### WHAT THE TASK ASKS
For the data below, give again exactly the lines from the one containing "看之前做了功课,导演刘浩良之前拍过一部港片《冲锋车》,但评价一般。" through the one containing "3D Inflated Puff", both ends included, and no others.

### EXTRACTED ENTRIES
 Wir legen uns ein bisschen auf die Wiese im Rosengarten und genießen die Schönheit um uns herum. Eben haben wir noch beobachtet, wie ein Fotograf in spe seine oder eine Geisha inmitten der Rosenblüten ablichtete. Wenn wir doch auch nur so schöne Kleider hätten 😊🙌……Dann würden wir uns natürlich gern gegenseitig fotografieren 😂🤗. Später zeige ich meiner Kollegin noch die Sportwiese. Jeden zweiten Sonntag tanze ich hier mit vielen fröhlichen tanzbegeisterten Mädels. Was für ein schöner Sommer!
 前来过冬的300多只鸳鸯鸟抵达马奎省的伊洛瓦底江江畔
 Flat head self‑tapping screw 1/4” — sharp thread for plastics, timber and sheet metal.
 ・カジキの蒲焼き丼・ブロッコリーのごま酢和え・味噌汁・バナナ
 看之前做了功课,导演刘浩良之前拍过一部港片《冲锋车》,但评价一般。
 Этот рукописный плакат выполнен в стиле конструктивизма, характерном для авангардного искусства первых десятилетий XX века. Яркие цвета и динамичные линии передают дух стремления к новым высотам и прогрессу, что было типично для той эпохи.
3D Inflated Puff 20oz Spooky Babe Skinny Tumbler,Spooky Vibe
---
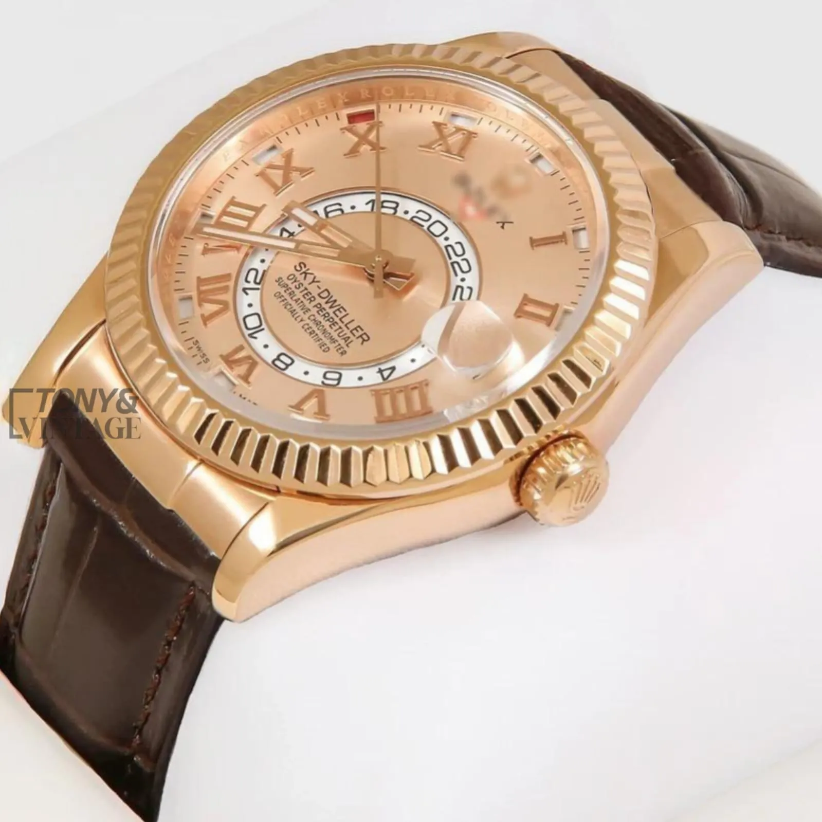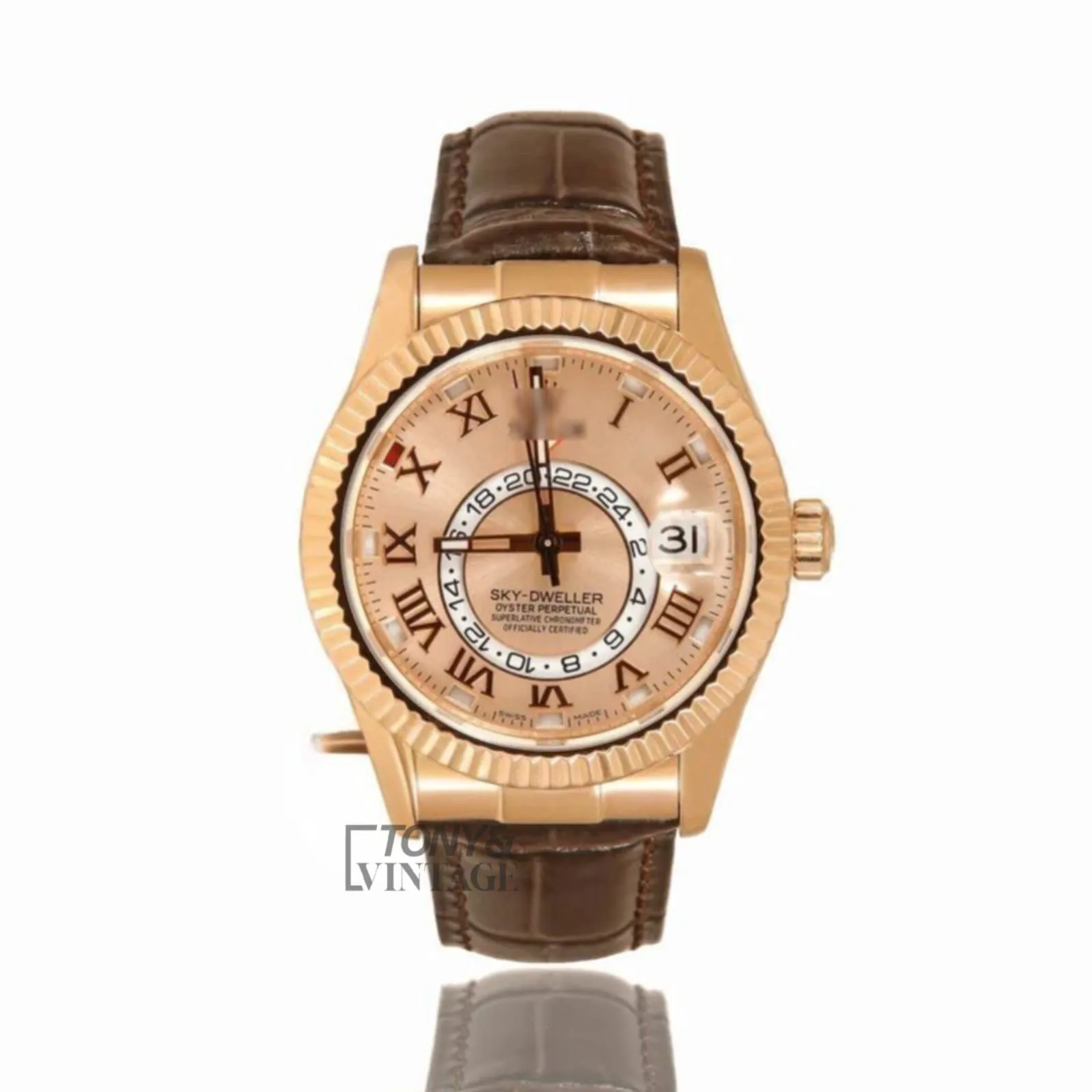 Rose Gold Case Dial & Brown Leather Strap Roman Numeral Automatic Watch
--
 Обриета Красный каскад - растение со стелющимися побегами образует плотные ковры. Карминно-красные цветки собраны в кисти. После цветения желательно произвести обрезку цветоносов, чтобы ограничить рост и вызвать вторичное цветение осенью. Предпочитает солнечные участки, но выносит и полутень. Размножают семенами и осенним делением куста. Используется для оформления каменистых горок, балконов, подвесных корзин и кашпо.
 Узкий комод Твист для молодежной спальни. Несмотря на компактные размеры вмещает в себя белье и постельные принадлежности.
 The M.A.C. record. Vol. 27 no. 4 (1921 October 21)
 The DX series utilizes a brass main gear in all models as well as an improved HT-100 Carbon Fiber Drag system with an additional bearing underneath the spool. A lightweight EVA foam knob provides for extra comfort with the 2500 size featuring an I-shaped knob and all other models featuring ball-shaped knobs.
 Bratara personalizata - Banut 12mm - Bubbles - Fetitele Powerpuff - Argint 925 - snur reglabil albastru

### TASK RESULT
 看之前做了功课,导演刘浩良之前拍过一部港片《冲锋车》,但评价一般。
 Этот рукописный плакат выполнен в стиле конструктивизма, характерном для авангардного искусства первых десятилетий XX века. Яркие цвета и динамичные линии передают дух стремления к новым высотам и прогрессу, что было типично для той эпохи.
3D Inflated Puff 20oz Spooky Babe Skinny Tumbler,Spooky Vibe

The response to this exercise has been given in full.